26 December 2019

0 an interruption from the present time

garebear, debo, and i have all been marveling about how christmas seems so wonderful this year, we're all so cozy and relaxed. i was actually happy to come to memphis! (can you even believe??!)

for the first time in a long time, it's almost like we're not walking across a bed of nails.

EL has this theory that your body holds onto stuff until you're ready to deal with it and then it lets loose. our bodies are unloosing, people! ready or not, we're ready.

they say time heals. i think sometimes it just lets you remember in a way that's incrementally less crushing.

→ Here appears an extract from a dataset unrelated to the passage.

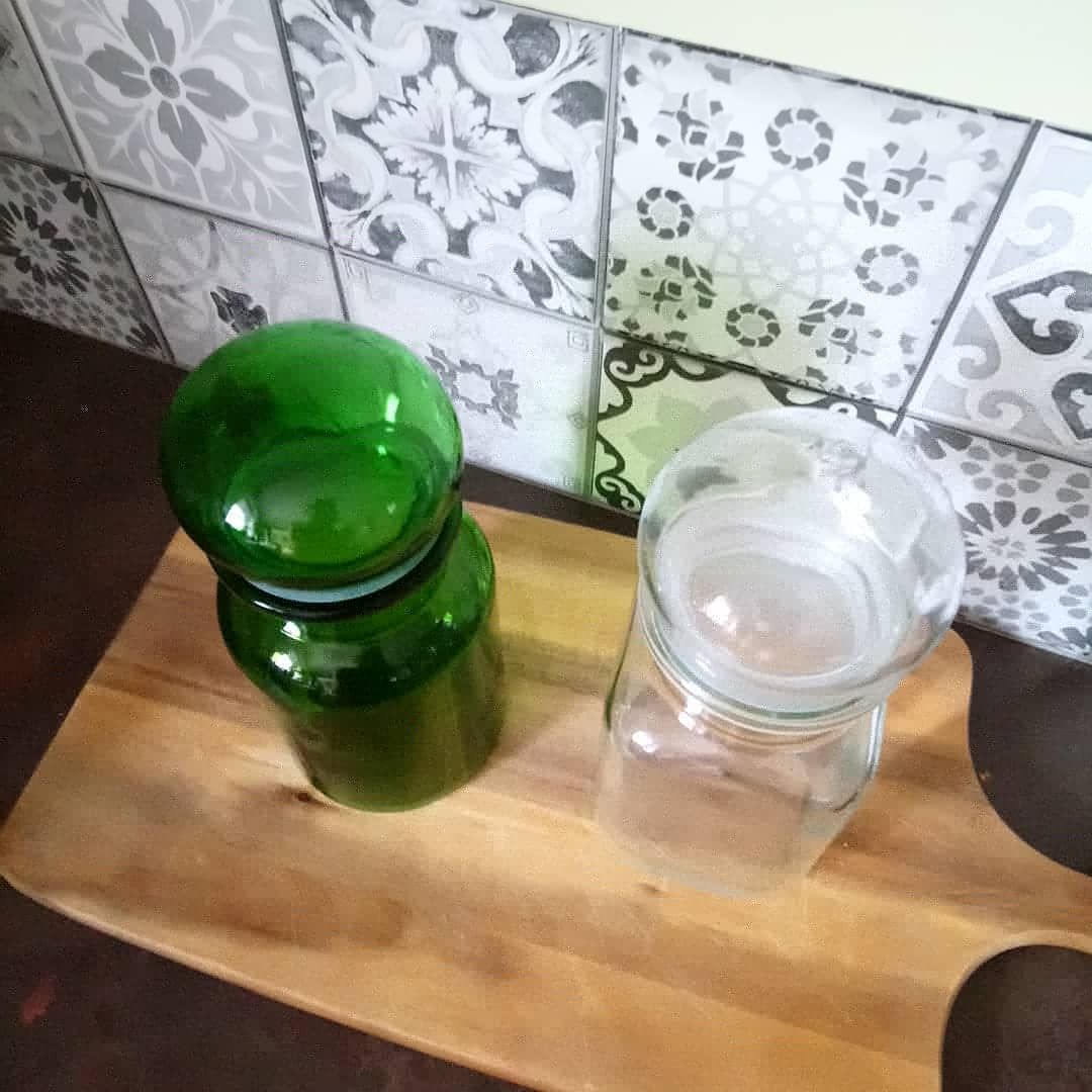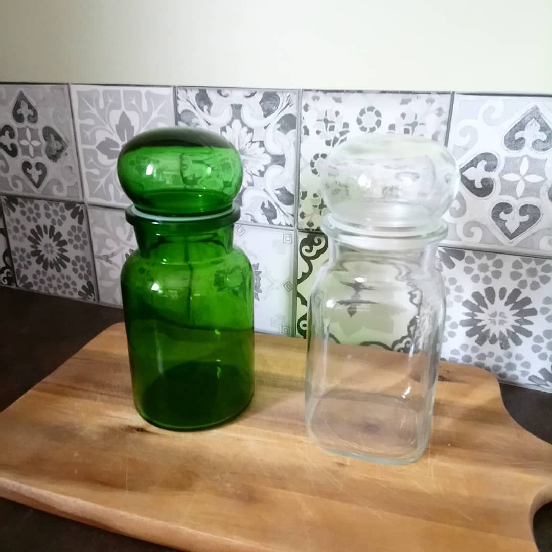 Pots d'apoticaire vert et transparent vintage. Grande taille.

the deep hellishness of the two weeks that burvil lived with us in september 2018 is perhaps best captured by the fact that garebear looked at me yesterday and, in all sincerity said: you really missed it. it was the worst. we barely survived. 

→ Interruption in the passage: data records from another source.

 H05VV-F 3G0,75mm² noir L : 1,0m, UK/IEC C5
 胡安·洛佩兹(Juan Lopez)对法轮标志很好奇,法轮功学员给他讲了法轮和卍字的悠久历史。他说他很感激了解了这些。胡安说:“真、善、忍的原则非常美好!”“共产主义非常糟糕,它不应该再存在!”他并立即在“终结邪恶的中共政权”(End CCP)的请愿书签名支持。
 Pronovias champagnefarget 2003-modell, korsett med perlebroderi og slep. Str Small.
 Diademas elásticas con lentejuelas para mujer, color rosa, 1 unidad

and it took me a hot second to realize that he was talking about something i was, in fact, there for.

his brain, in processing this ordeal, had felt the need to delete me from it.

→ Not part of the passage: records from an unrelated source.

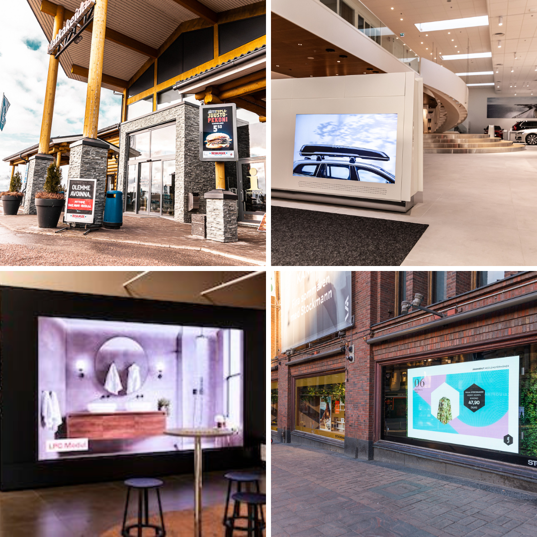 Digitaaliset näyttöratkaisut auttavat sinua hallitsemaan sisältöä, kampanjoita ja viestintää keskitetysti kaikissa myymälöissä ja toimipaikoissa.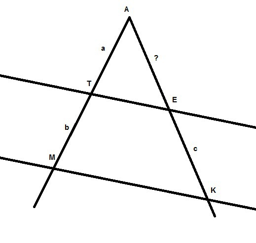 Параллельные прямые MK и TE пересекают стороны угла MAK так, что точка T делит отрезок на отрезки AT=a и TM=b, а точка E делит отрезок AK на отрезки AE и EK=c. В таком случае длина отрезка равна?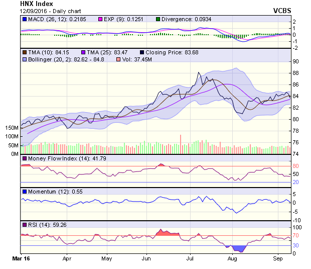 Với HNX-Index, phiên 12/9 là một cây nến đỏ. ADX hiện tại là 22.35 thể hiện xu hướng khá yếu. Các chỉ báo khác như MACD, Stochastic đều không cho tín hiện rõ ràng trong thời điểm này. Do đó, chỉ số sẽ tích lũy đi ngang trong vài phiên tới. Ngưỡng hỗ trợ là 83 điểm và ngưỡng kháng cự là 85 điểm.

this is sweet, in its way. i appreciate the care involved in mentally sparing me that experience. but, all the same, i want full credit.

i was there. i saw. i, too, am haunted.

a year later, it takes little to no effort to throw myself right back into and fully emotionally inhabit a moment where i was curled in a ball on the floor of my bedroom, crying, while my grandmother stood outside in the hall, screaming expletives at my mother for forty-five minutes.

she wasn't well, she didn't know what she was doing, she wasn't herself. but the explosion's effect was the same as if she had. witnesses to the violence of her own immense fear, we are all three still, in many ways, trembling and singed.

EL and i were talking about another trauma last night-- the one from college-- and she made the point that there are things you never get over and that life isn't a project of fixing those things but of surfacing them and living with them.

sensei and i used to bang on about how the south is a haunted house, but we are all of us, in our own ways, haunted houses, no? this is not a particularly original thought, but it's one worth holding.